Sanggup kah ia menaklukkan hati dosen itu? Ikuti kisah Nia mempelajari jati diri dan meraih cintanya.
Karya ini diterbitkan atas izin NovelToon Renyah, isi konten hanyalah pandangan pribadi pembuatnya, tidak mewakili NovelToon sendiri
Bab 3. Pingsan
Monica menepuk pundak Aghnia yang malah mengusap-usap pipinya sendiri.
"Apa sih Mon? Ditanya malah balik nanya", ketus Aghnia karena Monica nampaknya juga tak tahu siapa pria yang tengah membaca mushaf tadi.
"aku tahu siapa dia, tapi", ucap Monica terhenti, membuat Aghnia penasaran.
"Tapi apa Mon?", sungguh Nia, seraya mendorong ringan pundak Monica.
"Tapi aku naksir sama dia Nia", ucap Monica, membuat Nia patah hati. Tapi, bukan Aghnia namanya kalau tidak bisa move on bahkan dari cowo yang belum ia kenal.
"Oh, ya sudah. Cepet gebet gih. Entar kalau mau nikah, jangan lupakan aku", sahut Nia, nampak santai saja.
"Eh, aku, juga belum dekat sama Malik", ucap Monica, keceplosan menyebut nama pria itu.
"Em, gini aja. Ayo kita kenalan sama-sama. Kita bersaing secara sehat. Siapa yang disuka Malik, kita harus rela", lanjut Monica. Nampak Aghnia masih enggan menjawab. Pacar dan sahabat adalah dua sisi yang dibutuhkan, bukan saling meniadakan baginya.

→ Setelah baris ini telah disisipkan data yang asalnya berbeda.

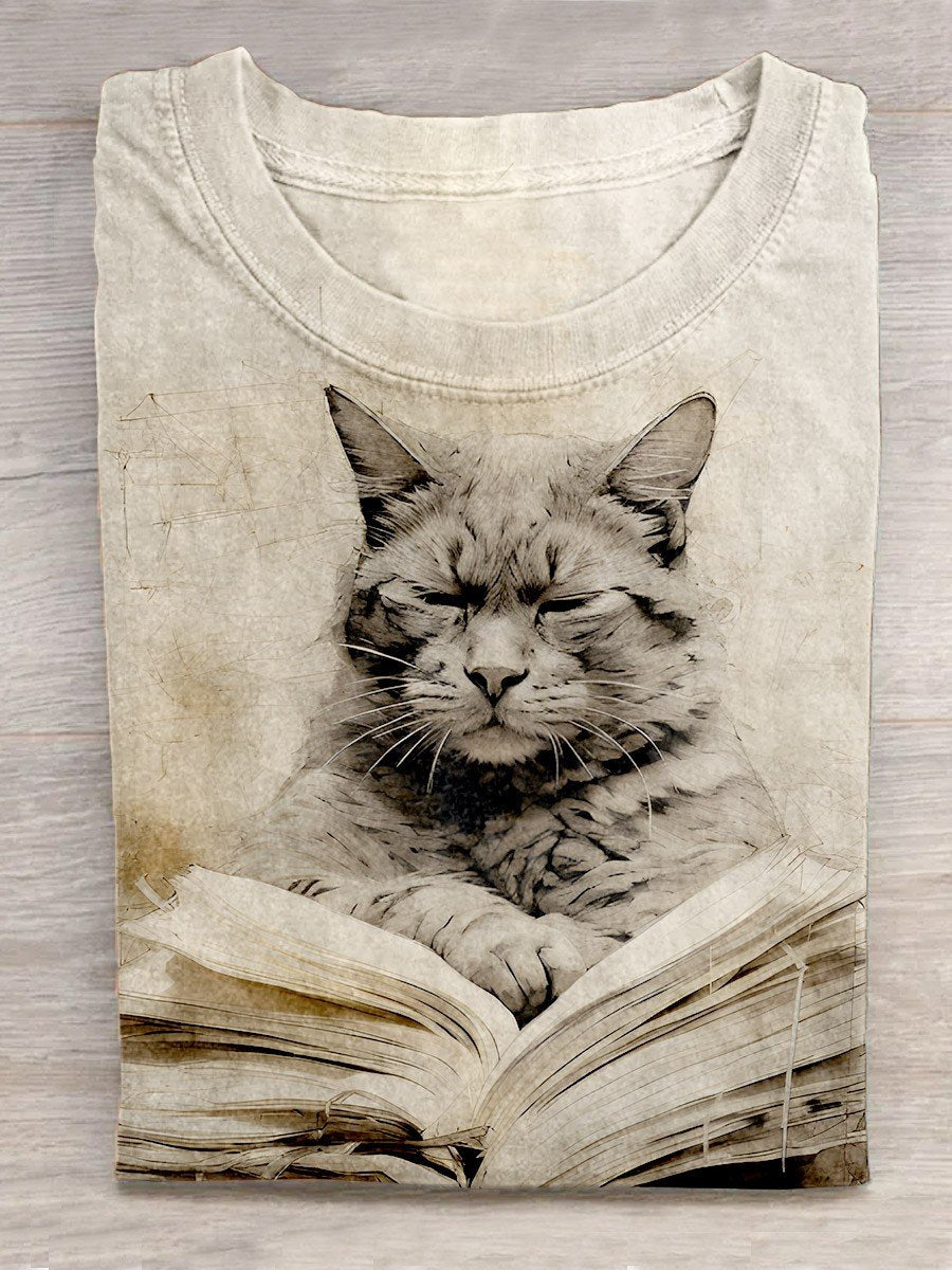 Reading And Pensive Cat Creative Design T-shirt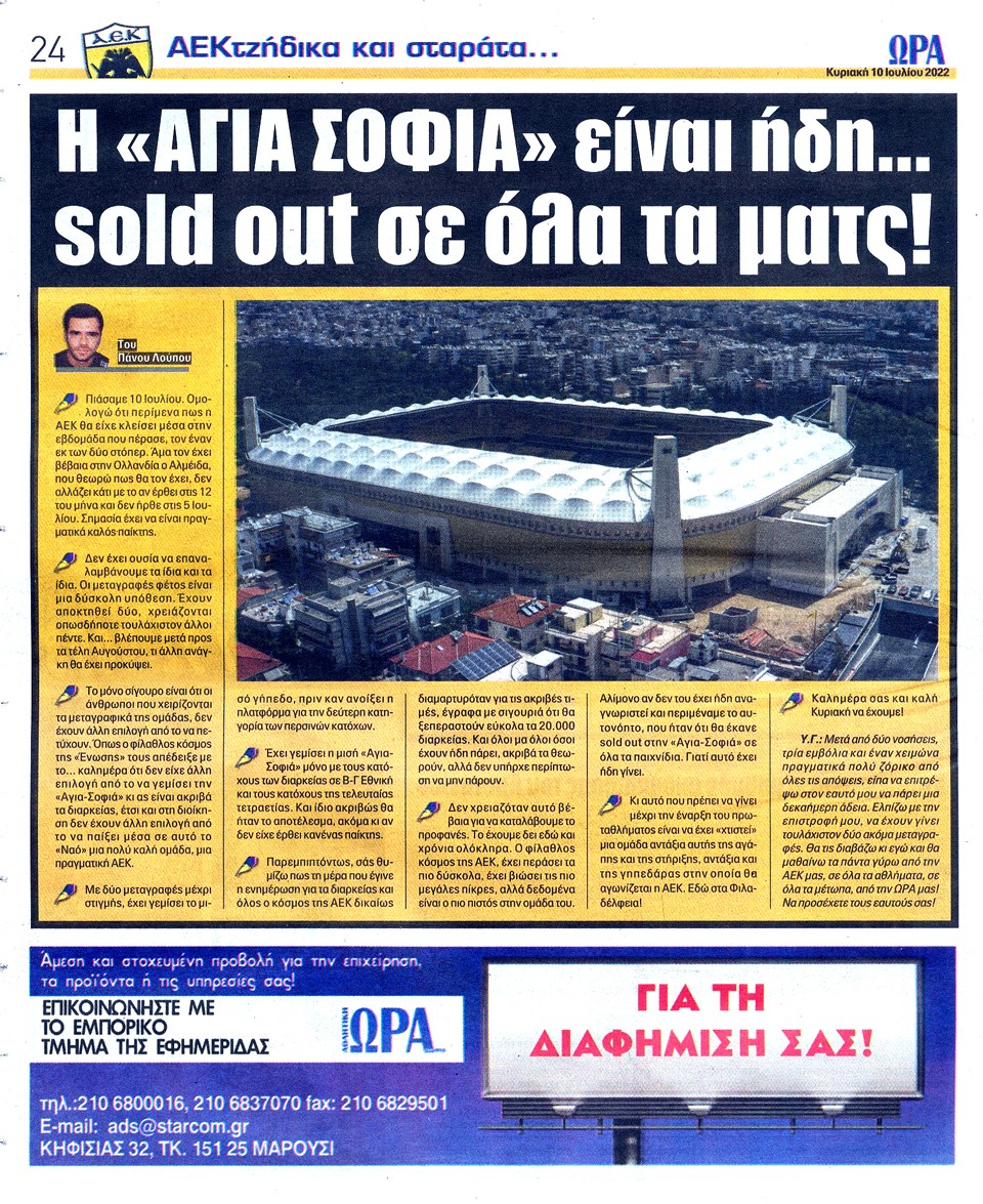ΑΘΛΗΤΙΚΗ ΩΡΑ ΤΩΝ ΣΠΟΡ - 10 Ιουλίου 2022

"Engga ah Mon, ambil aja. Aku ngga mau saingan denganmu. Nanti, iya kalau kamu yang dipilih, aku bisa enjoy aja. Kalau aku yang dipilih, aku ngga yakin kamu bisa move on darinya", ungkap Nia.
"Iya juga sih. Tapi, kan Tuhan yang atur jodoh Ni. Meski dipaksakan, ngga akan kesampaian kalau bukan jodoh", tutur Monica masuk akal.
"Oke deh kalau begitu. Nanti sore kita coba lagi ke masjid, kita ajak dia kenalan", ide Nia. Monica hanya mengangguk setuju.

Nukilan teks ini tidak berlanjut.